Claude Code Skills · 论文 · 文献综述

deep-research

deep-research 是一个供 Claude Code 使用的文献综述 skill。它将综述拆解为六个有序阶段,从前沿检索、系统调查、深度阅读、代码库考察到最终合成与差距分析,每个阶段产生可检视的中间产物。适用于需要系统了解某个研究方向全貌的研究者,从零开始建立文献库与综述报告。

Conduct systematic academic literature reviews in 6 phases, producing structured notes, a curated paper database, and a synthesized final report. Output is organized by phase for clarity.

Repo
Chanw-research/claude-code-paper-writing
Slug
deep-research

SKILL.md

Deep Research Skill

Trigger

Activate this skill when the user wants to:

  • "Research a topic", "literature review", "find papers about", "survey papers on"
  • "Deep dive into [topic]", "what's the state of the art in [topic]"
  • Uses /research <topic> slash command

Overview

This skill conducts systematic academic literature reviews in 6 phases, producing structured notes, a curated paper database, and a synthesized final report. Output is organized by phase for clarity.

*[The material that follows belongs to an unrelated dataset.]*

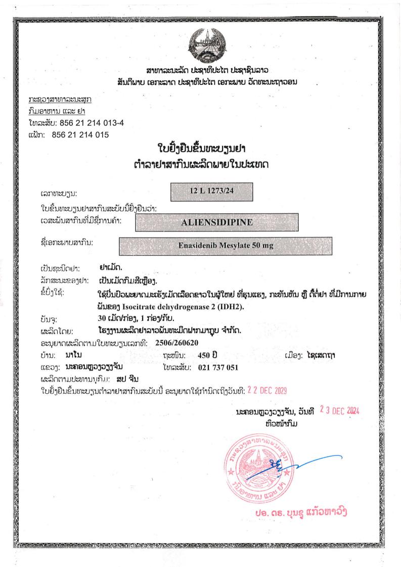 老挝国家药监局批准文号:11 L 1273/24

Installation: ~/.claude/skills/deep-research/ — scripts, references, and this skill definition. Output: .//Users/lingzhi/Code/deep-research-output/{slug}/ relative to the current working directory.

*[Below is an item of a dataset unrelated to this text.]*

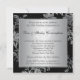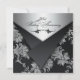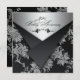 Cette invitation d'anniversaire de mariage de 25 ans au look brocart floral noir et argent élégant a des rabats noirs qui sont IMPRIMÉS pour donner l'impression qu'ils sont ouverts. Elle comporte un rouleau noir décoratif sur le devant, ainsi que des mots élégants qui disent "Anniversaire de mariage de 25 ans". Vous pouvez les supprimer si vous souhaitez ajouter votre propre texte. Elle serait particulièrement élégante sur le papier métallisé glace. L'invitation est entièrement personnalisable. Si vous avez besoin de produits assortis, veuillez envoyer un courriel à niteowlstudio@gmail.com avec votre demande.

CRITICAL: Strict Sequential Phase Execution

You MUST execute all 6 phases in strict order: 1 → 2 → 3 → 4 → 5 → 6. NEVER skip any phase.

This is the single most important rule of this skill. Violations include:

  • ❌ Jumping from Phase 2 to Phase 5/6 (skipping Deep Dive and Code)
  • ❌ Writing synthesis or report before completing Phase 3 deep reading
  • ❌ Producing a final report based only on abstracts/titles from search results
  • ❌ Combining or merging phases (e.g., doing "Phase 3-5 together")

Phase Gate Protocol

Before starting Phase N+1, you MUST verify that Phase N's required output files exist on disk. If they don't exist, you have NOT completed that phase.

PhaseGate: Required Output Files
1 → 2phase1_frontier/frontier.md exists AND contains ≥10 papers
2 → 3phase2_survey/survey.md exists AND paper_db.jsonl has 35-80 papers
3 → 4phase3_deep_dive/selection.md AND phase3_deep_dive/deep_dive.md exist AND deep_dive.md contains detailed notes for ≥8 papers
4 → 5phase4_code/code_repos.md exists AND contains ≥3 repositories
5 → 6phase5_synthesis/synthesis.md AND phase5_synthesis/gaps.md exist

After completing each phase, print a phase completion checkpoint:

✅ Phase N complete. Output: [list files written]. Proceeding to Phase N+1.

Why Every Phase Matters

  • Phase 3 (Deep Dive) is where you actually READ papers — without it, your synthesis is superficial and based only on abstracts
  • Phase 4 (Code & Tools) grounds the research in practical implementations — without it, you miss the open-source ecosystem
  • Phase 5 (Synthesis) requires deep knowledge from Phase 3 — you cannot synthesize papers you haven't read
  • Phase 6 (Report) assembles content from ALL prior phases — it should cite specific findings from Phase 3 notes

Paper Quality Policy

Peer-reviewed conference papers take priority over arXiv preprints. Many arXiv papers have not undergone peer review and may contain unverified claims.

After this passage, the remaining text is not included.